WORK ORDER => Line by line, reproduce the records exactly.

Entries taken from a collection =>
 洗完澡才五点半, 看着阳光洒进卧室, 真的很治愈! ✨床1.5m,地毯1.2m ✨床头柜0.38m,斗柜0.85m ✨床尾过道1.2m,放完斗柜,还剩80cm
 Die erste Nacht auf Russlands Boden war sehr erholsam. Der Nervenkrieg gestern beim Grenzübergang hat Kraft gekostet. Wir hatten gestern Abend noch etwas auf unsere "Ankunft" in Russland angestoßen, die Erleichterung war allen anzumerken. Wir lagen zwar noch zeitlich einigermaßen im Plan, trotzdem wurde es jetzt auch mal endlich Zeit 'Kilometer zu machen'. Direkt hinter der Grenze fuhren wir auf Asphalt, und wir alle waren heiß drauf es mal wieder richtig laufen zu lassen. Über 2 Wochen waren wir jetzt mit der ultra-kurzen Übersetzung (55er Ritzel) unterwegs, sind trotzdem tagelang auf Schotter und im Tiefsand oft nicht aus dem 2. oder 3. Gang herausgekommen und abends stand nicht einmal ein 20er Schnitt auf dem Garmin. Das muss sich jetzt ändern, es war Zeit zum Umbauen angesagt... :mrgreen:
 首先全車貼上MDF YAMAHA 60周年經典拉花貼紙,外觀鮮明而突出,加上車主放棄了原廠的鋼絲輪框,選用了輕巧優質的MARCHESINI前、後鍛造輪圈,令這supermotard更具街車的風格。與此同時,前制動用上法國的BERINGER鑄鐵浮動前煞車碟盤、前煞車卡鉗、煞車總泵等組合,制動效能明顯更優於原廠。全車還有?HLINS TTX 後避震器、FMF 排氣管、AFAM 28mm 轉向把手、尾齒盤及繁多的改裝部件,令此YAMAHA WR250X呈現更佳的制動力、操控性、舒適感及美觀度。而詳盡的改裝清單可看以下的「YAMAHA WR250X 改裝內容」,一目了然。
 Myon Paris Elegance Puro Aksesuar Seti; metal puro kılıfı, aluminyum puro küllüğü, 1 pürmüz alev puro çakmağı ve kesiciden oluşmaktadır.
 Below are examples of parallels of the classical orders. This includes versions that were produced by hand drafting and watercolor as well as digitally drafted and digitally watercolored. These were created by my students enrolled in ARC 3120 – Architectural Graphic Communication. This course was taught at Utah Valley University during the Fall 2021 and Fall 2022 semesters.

SOLUTION FOR THIS PROBLEM =>
 洗完澡才五点半, 看着阳光洒进卧室, 真的很治愈! ✨床1.5m,地毯1.2m ✨床头柜0.38m,斗柜0.85m ✨床尾过道1.2m,放完斗柜,还剩80cm
 Die erste Nacht auf Russlands Boden war sehr erholsam. Der Nervenkrieg gestern beim Grenzübergang hat Kraft gekostet. Wir hatten gestern Abend noch etwas auf unsere "Ankunft" in Russland angestoßen, die Erleichterung war allen anzumerken. Wir lagen zwar noch zeitlich einigermaßen im Plan, trotzdem wurde es jetzt auch mal endlich Zeit 'Kilometer zu machen'. Direkt hinter der Grenze fuhren wir auf Asphalt, und wir alle waren heiß drauf es mal wieder richtig laufen zu lassen. Über 2 Wochen waren wir jetzt mit der ultra-kurzen Übersetzung (55er Ritzel) unterwegs, sind trotzdem tagelang auf Schotter und im Tiefsand oft nicht aus dem 2. oder 3. Gang herausgekommen und abends stand nicht einmal ein 20er Schnitt auf dem Garmin. Das muss sich jetzt ändern, es war Zeit zum Umbauen angesagt... :mrgreen:
 首先全車貼上MDF YAMAHA 60周年經典拉花貼紙,外觀鮮明而突出,加上車主放棄了原廠的鋼絲輪框,選用了輕巧優質的MARCHESINI前、後鍛造輪圈,令這supermotard更具街車的風格。與此同時,前制動用上法國的BERINGER鑄鐵浮動前煞車碟盤、前煞車卡鉗、煞車總泵等組合,制動效能明顯更優於原廠。全車還有?HLINS TTX 後避震器、FMF 排氣管、AFAM 28mm 轉向把手、尾齒盤及繁多的改裝部件,令此YAMAHA WR250X呈現更佳的制動力、操控性、舒適感及美觀度。而詳盡的改裝清單可看以下的「YAMAHA WR250X 改裝內容」,一目了然。
 Myon Paris Elegance Puro Aksesuar Seti; metal puro kılıfı, aluminyum puro küllüğü, 1 pürmüz alev puro çakmağı ve kesiciden oluşmaktadır.
 Below are examples of parallels of the classical orders. This includes versions that were produced by hand drafting and watercolor as well as digitally drafted and digitally watercolored. These were created by my students enrolled in ARC 3120 – Architectural Graphic Communication. This course was taught at Utah Valley University during the Fall 2021 and Fall 2022 semesters.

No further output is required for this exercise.